乳製品のアレルギーや過敏症はかなりよくあること。あなた自身はそうでなくても、乳製品が苦手な人が周りにいたりするでしょう。

「プロバイオティクス/プレバイオティクス国際科学協会」(ISAPP)の科学担当役員を務めるメアリー・エレン・サンダースさん(博士)によると、本当の「乳製品不耐性」は、ふたつタイプあるうちのひとつになります。「それは『乳糖(ラクトース)不耐症』と呼ばれ、乳製品に含まれる乳糖を消化するための酵素、『ラクターゼ』を十分に作れない場合です」

もうひとつのタイプが何かといえば、乳製品のたんぱく質に対するアレルギー。これは「成人ではとてもまれですが、子供のおよそ2%がこのアレルギーを持っています」(サンダースさん)。乳製品アレルギーは、下痢や腹痛からじんましんまで実にさまざまな反応を引き起こします。

乳糖不耐症の人(実は著者も)は、このようなアレルギー反応は出ません。乳糖不耐症の場合、乳製品に含まれる乳糖は未消化のまま大腸に送られます。そして腸内細菌によって代謝されて、下痢やさしこみ、膨満感、腸内ガスなどのありがたくない副作用が現れます。このような症状を避けるには、牛乳を飲まないこと。でも、チーズなどの乳製品が好きなら、プロバイオティクスが役に立つかもしれません。

私はプロバイオティクスの食べ物や飲み物を摂りはじめて、身体が乳製品をずっとよく受け付けるようになったと実感しています。乳製品に神経質になる必要もなくなり、またピザまで食べているほど。変化は胃腸だけではありません。以前は牛乳を見ただけで肌にブツブツができたのに、今では乳製品を摂っても吹き出物とは無縁です。

プロバイオティクスを摂るとどうしてそうなるのか?

プロバイオティクスを使って、乳製品(ほかの食べ物でも!)に対する過敏症を和らげる効果があったのは、私だけではありません。証拠になるエピソードは至るところに。この効果を科学的に理解するため、プロバイオティクスサプリメントのメーカー「Just Thrive Probiotic & Antioxidant」の微生物学者で、主任科学担当役員のキラン・クリシュナンさんにお話を伺いました。
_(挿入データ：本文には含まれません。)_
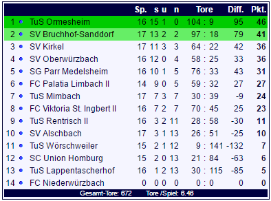 Der TuS Ormesheim darf am Ende doppelt jubeln: Zum einen gab es einen Kantersieg, zum anderen ließ der Tabellenzweite aus Bruchhof-Sanddorf Punkte liegen und steht damit bereits fünf Punkte hinter dem TuS, der zudem ein spiel weniger auf dem Konto hat:

最初に私が知りたかったこと、それはプロバイオティクスが実際に腸にどんなことをするのか。どうしてこの(今では私も大好きな)バクテリアは、消化を助ける最強の働き者なのか? クリシュナンさんによると、最初に知っておいてほしいのが、すべてのプロバイオティクスが消化管の中ではたらくわけではないということです。でも、消化管の中ではたらくタイプのプロバイオティクスは、いくつかの方法で消化を助けるのだそう。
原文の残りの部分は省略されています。